5. Mom had a truly morbid, sarcastic humor. She was seldom cruel, but she savored irony, sarcastic, gallows humor– things inappropriate, but just barely within the realms of good taste. Not coarse or earthy so much, but definitely twisted. I get a lot of my humor from her.
6. Christopher Lee. Mom had a lifelong crush on actor Christopher Lee. She thought he was the quintessential Dracula, and admired the fact that offscreen he was a literate, charming gentleman, and a great musician as well.
7. Vampire movies. Mom was a huge fan of vampires on screen. It probably started with Dark Shadows, but extended itself through the Hammer Films catalogue and all of its many copycats. It was scary, but also kind of sexy too. Hammer Horror was played on the household televisions as early as I can remember, and I was doodling monsters in my notebooks as early as age 8 or 9. She never thought anything was wrong with me absorbing it osmotically, but it surely had a huge influence on my tastes.
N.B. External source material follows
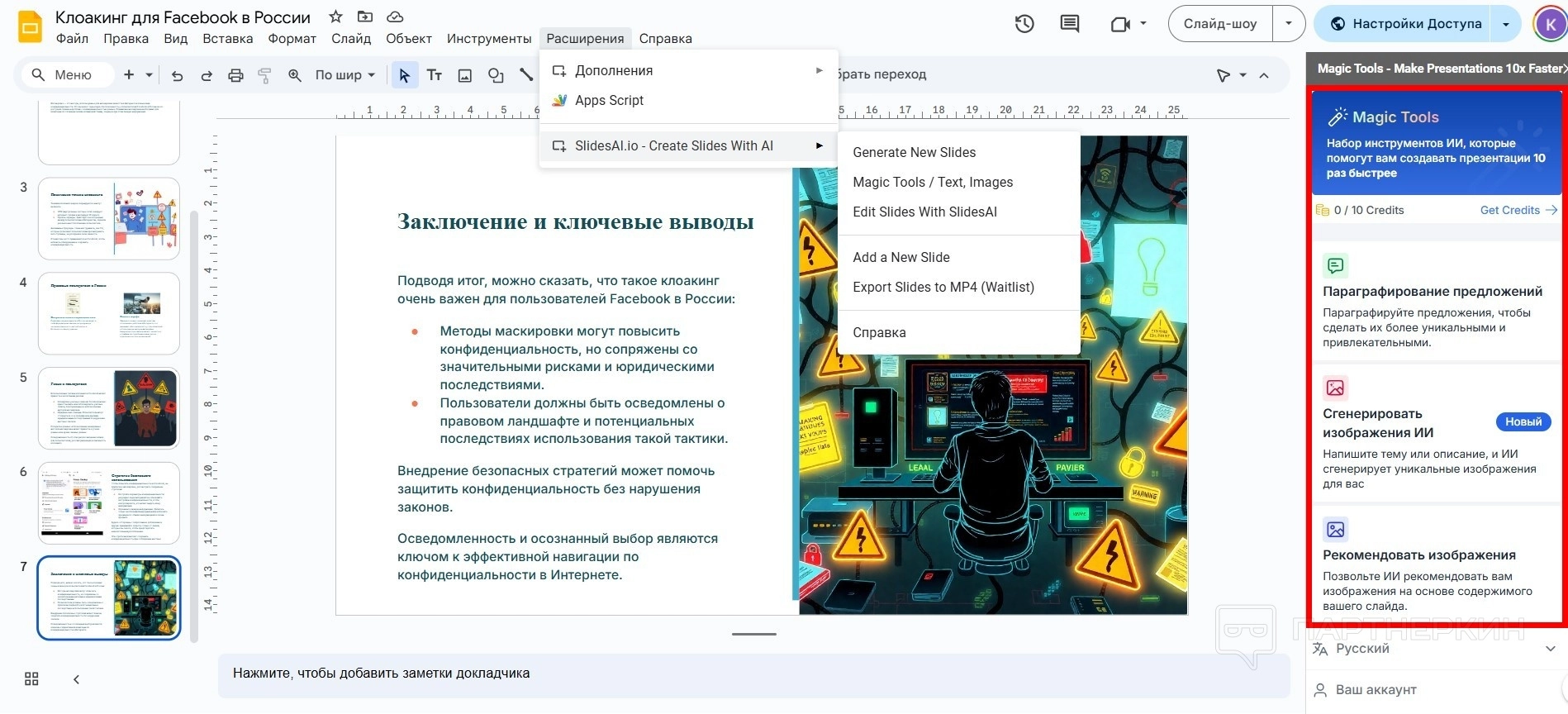 Нейросеть сгенерирует черновик презентации. Его можно сразу сохранять или отредактировать после вычитки. Также у расширения есть дополнительные инструменты, которые могут улучшить контент.

Even today in the house, amidst all the kitty kitsch and still lives of fruit baskets and family portraits, there are vampire movie postcards and vampire paintings up on the walls amongst them.
8. Movies in general. I’ve come to recognize this was a family tradition, stronger than other families. When my uncle died he left me with a rather stupendous VHS collection of films in 1985, and during the last gathering at Mom’s bedside of his elder brother and his wife along with me– most of our conversation was a game Mom proposed, to discuss all our favorite movies. I was actually an adult before I actually went to a movie in a theater on my own, so closely associated it was with a family activity. Movies were outings, to be shared and talked about on the ride home or even for days after. During Mom’s final ten years I would often entertain her by playing her movies I downloaded via iTunes or TiVo’d or from my DVD library– a to-watch list for her which will never be completed. Films brought us closer, gave us a common language, gave us things to discuss, a deeper bond. Shared films were just as important as the family dinner. One of the first things I did after she died was buy a whole stack of DVDs of movies and television she enjoyed. They’re now sitting on top of the television in her room, and I spend nearly every day watching a bit of them in a chair at the foot of her bed, as if I could just turn around and look back and see her reclining there with a remote and a bag of potato chips. But she’s not there; at least not in a physical sense. I wish I could still hear her comments and insights. But it’s just silence, and the films go on without her. I hope I can find some of her in the things she loved.